Le contrebassiste et compositeur israélien Avishaï Cohen est un musicien de jazz indépendant ayant créé son propre label, Razdaz Records, sur lequel il a enregistré plusieurs disques en trio.
Son nouvel album Aurora rend compte, d’une manière évidente, de la liberté avec laquelle il pense sa musique, la redéfinissant suivant différents angles: au centre le jazz s’impose avec équilibre et clarté ; à l’extérieur de ce noyau se mélangent de façon non moins précise des musiques du Moyen-Orient, des rythmes latins, l’immédiateté mélodique de la pop ; le tout traversé par une rigueur qui a beaucoup à voir avec le classique. C’est-à-dire qu’à partir du moment où le jazz constitue l’élément solide de ces compositions, il peut alors s’inclure d’autres influences, aussi variées fussent-elles, sans que celles-ci ne dérangent l’équilibre général.
Et il apparaît que Cohen maîtrise particulièrement cet équilibre, par un jeu de dosage qui procède du dépouillement − de ce qu’il est nécessaire d’enlever pour que s’accentue la luminosité. Dans ce nouvel album, le langage musical de Cohen se précise depuis qu’il a décidé de chanter : on découvre une voix au timbre voilé qui serait le prolongement exact de la contrebasse. Ou plutôt sa traduction. Quelle voix aurait eue Charles Mingus s’il avait décidé de traduire par le chant ses propres compositions musicales : sans doute une voix faite de violence (canalisée), qui serait plus celle de la revendication que du souffle. De la même manière Avishaï Cohen est parvenu à rendre compte de son intensité musicale : il s’agit d’une voix aux résonances multiples, ni trop en retrait ni trop en avant. Et pour que l’élément vocal puisse porter réellement il fallait que, dans un même mouvement, l’instrumentation fût contenue.

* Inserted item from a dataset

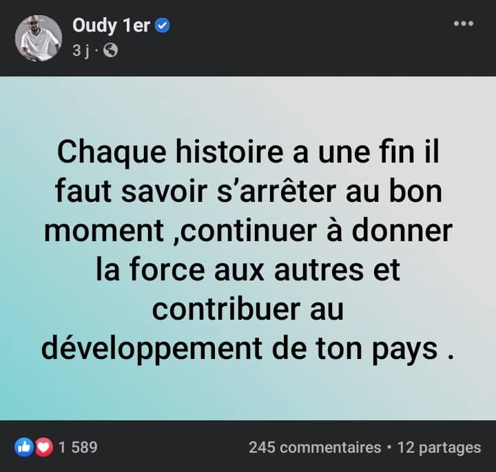 Avant de faire quelques heures plus tard une autre publication, dans laquelle il dit : « chaque histoire a une fin, il faut savoir s’arrêter au bon moment, continuer à donner de la force aux autres et contribuer au développement de ton pays ». Des publications qui ont largement fait réagir les fans de l’artiste.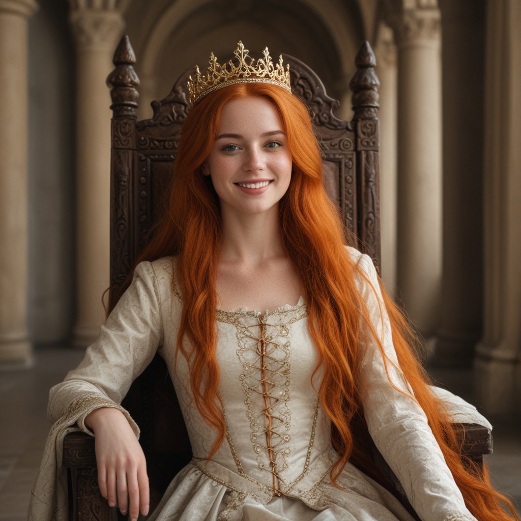 Princess, female royal, princess dress, medieval, medieval dress, orange hair, long hair, princess crown, indoors, medieval castle, palace, smile, brown eyes, beautiful face, freckles, throne

"Quand je me suis mis à chanter j’ai compris que, pour ne pas perdre l’effet réel de la voix, il valait mieux ne pas trop en rajouter." explique-t-il dans une récente interview. Exemple, remarquable, dans le morceau "Still" : une seule ligne musicale, lente, répétitive (s’agit-il d’un violoncelle ? − le doute provient du fait que cet instrument n’est pas répertorié parmi les instruments) prend une ampleur absolument fascinante parce doublée uniquement du chant de Cohen, qui se positionne à parts égales de cette boucle. Une telle simplicité surprend par des effets de vertiges, qu’un accompagnement plus riche n’eût pas rendus avec la même force. Vitalité et sensualité : telle serait la définition de ce grand disque, trouvant son point d’ancrage dans le chant multilingue – hébreu, espagnol, anglais. Générosité et romantisme également, selon une conséquence naturelle aux deux premiers termes.
Ne connaissant pas d’autres disques de cet auteur, il me serait difficile de parler ici d’accomplissement, à moins de compromettre l’intégrité de ce travail. Mais je vais tout de même l’utiliser pour une raison : si la démarche d’un critique digne de ce nom est de décrire un disque sans émettre une seule opinion (directement liée à la part de marché du disque), force est de constater que l’écoute d’un tel disque produit un événement de l’ordre de la rencontre (pour le philosophe Lévinas la rencontre est le seul événement véritablement important de l’existence). Et il n’existe pas de rencontre sans possibilité d’accomplissement – celle de l’autre impliquant celle de soi-même.